**Exercise:** Repeat all of the data word for word so that only the pictures are missing from the copy.

**Source material:**

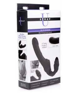 A slender shaft, subtle textures, and 9 incredible modes of vibration set this beautiful strapless strap-on apart! This rechargeable pleasure tool features dual motors to provide you with 3 speeds and 6 patterns of powerful internal thrumming. The single control button is easy-to-use and accessible during penetration. Both ends of this artfully designed double dildo are shaped for the ultimate in ecstasy: the bulb is adorned with gentle waves while you grind your clit against bold grooves of the front pad. Meanwhile your partner will be treated to a narrow, comfortable shaft with a slight ridge. It is even waterproof so that you can take your play into the shower, bath, pool, and more! Explore greater intimacy with a vibrating double-ended strapon dildo. Made of silky silicone, the Slim Rider is non-porous and phthalate-free. Clean with mild soap and warm water and avoid use with silicone lubricants.
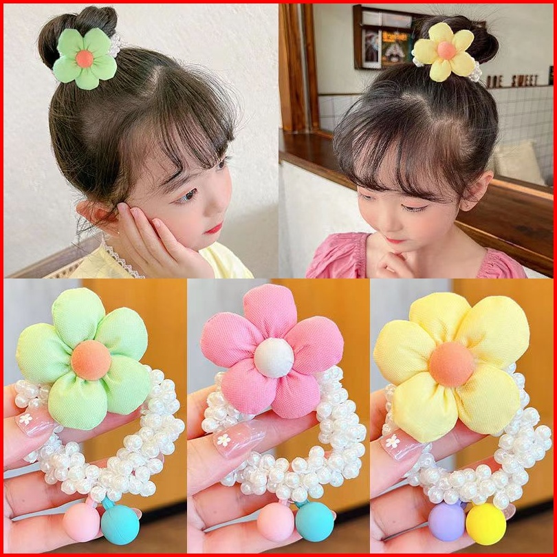 Hallo Girl F153 Ikat Rambut Wanita Gaya Korea Ikat Rambut Motif Bunga Mutiara Import
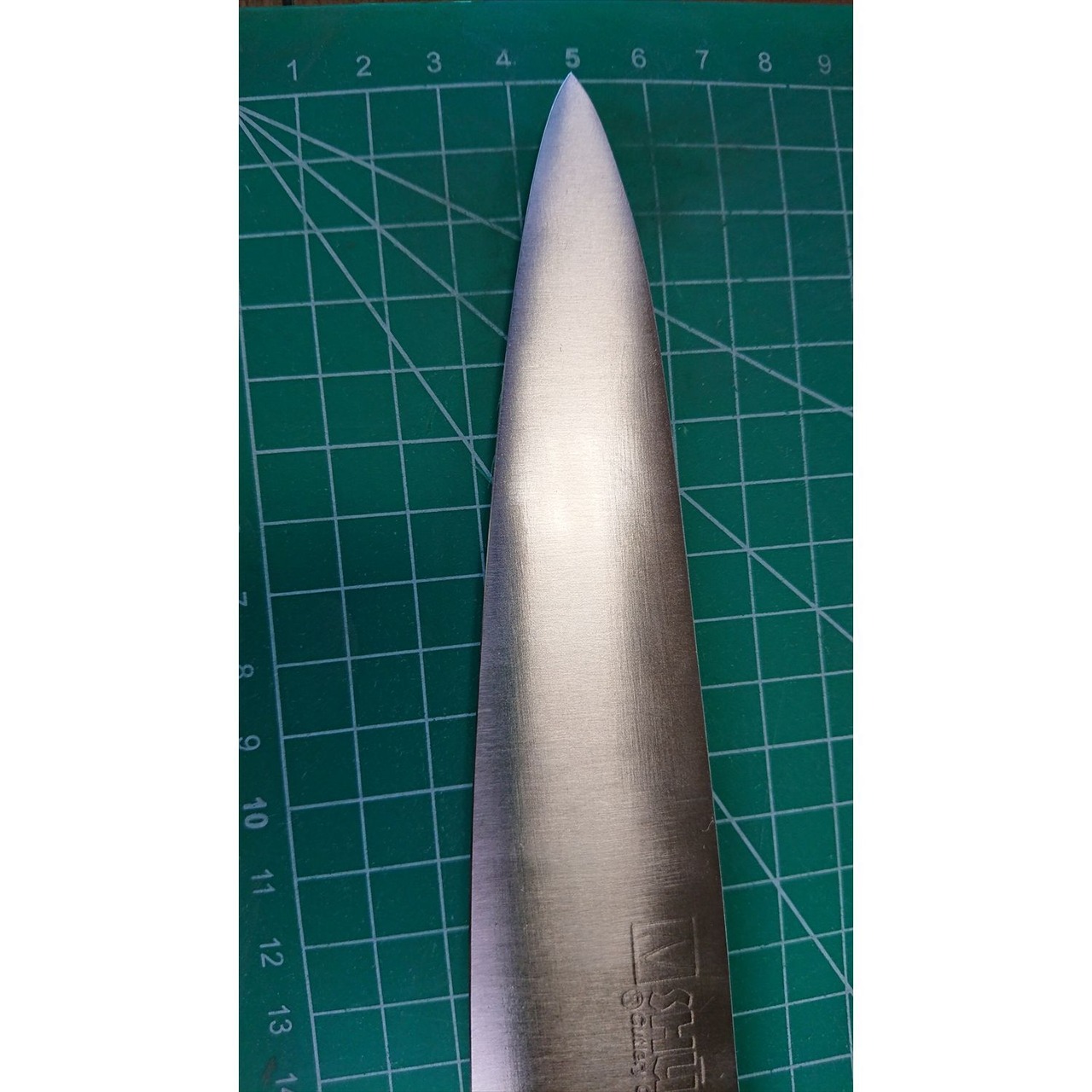 1. o2848/状態:中古/銘:シュウコウ/牛刀(両刃 約 左1:右9 右利き用)/刃長:195/峰厚 アゴ上:2.1/重量:152/作り:ステンレス系/他:
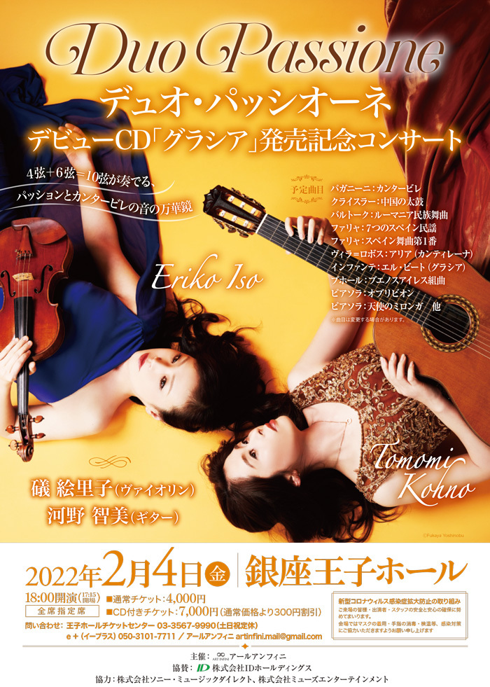 【コメント到着】Duo Passione(デュオ・パッシオーネ)/CD『グラシア』発売記念コンサート 2022/2/4(金)開催

**Answer space:**
 A slender shaft, subtle textures, and 9 incredible modes of vibration set this beautiful strapless strap-on apart! This rechargeable pleasure tool features dual motors to provide you with 3 speeds and 6 patterns of powerful internal thrumming. The single control button is easy-to-use and accessible during penetration. Both ends of this artfully designed double dildo are shaped for the ultimate in ecstasy: the bulb is adorned with gentle waves while you grind your clit against bold grooves of the front pad. Meanwhile your partner will be treated to a narrow, comfortable shaft with a slight ridge. It is even waterproof so that you can take your play into the shower, bath, pool, and more! Explore greater intimacy with a vibrating double-ended strapon dildo. Made of silky silicone, the Slim Rider is non-porous and phthalate-free. Clean with mild soap and warm water and avoid use with silicone lubricants.
 Hallo Girl F153 Ikat Rambut Wanita Gaya Korea Ikat Rambut Motif Bunga Mutiara Import
 1. o2848/状態:中古/銘:シュウコウ/牛刀(両刃 約 左1:右9 右利き用)/刃長:195/峰厚 アゴ上:2.1/重量:152/作り:ステンレス系/他:
 【コメント到着】Duo Passione(デュオ・パッシオーネ)/CD『グラシア』発売記念コンサート 2022/2/4(金)開催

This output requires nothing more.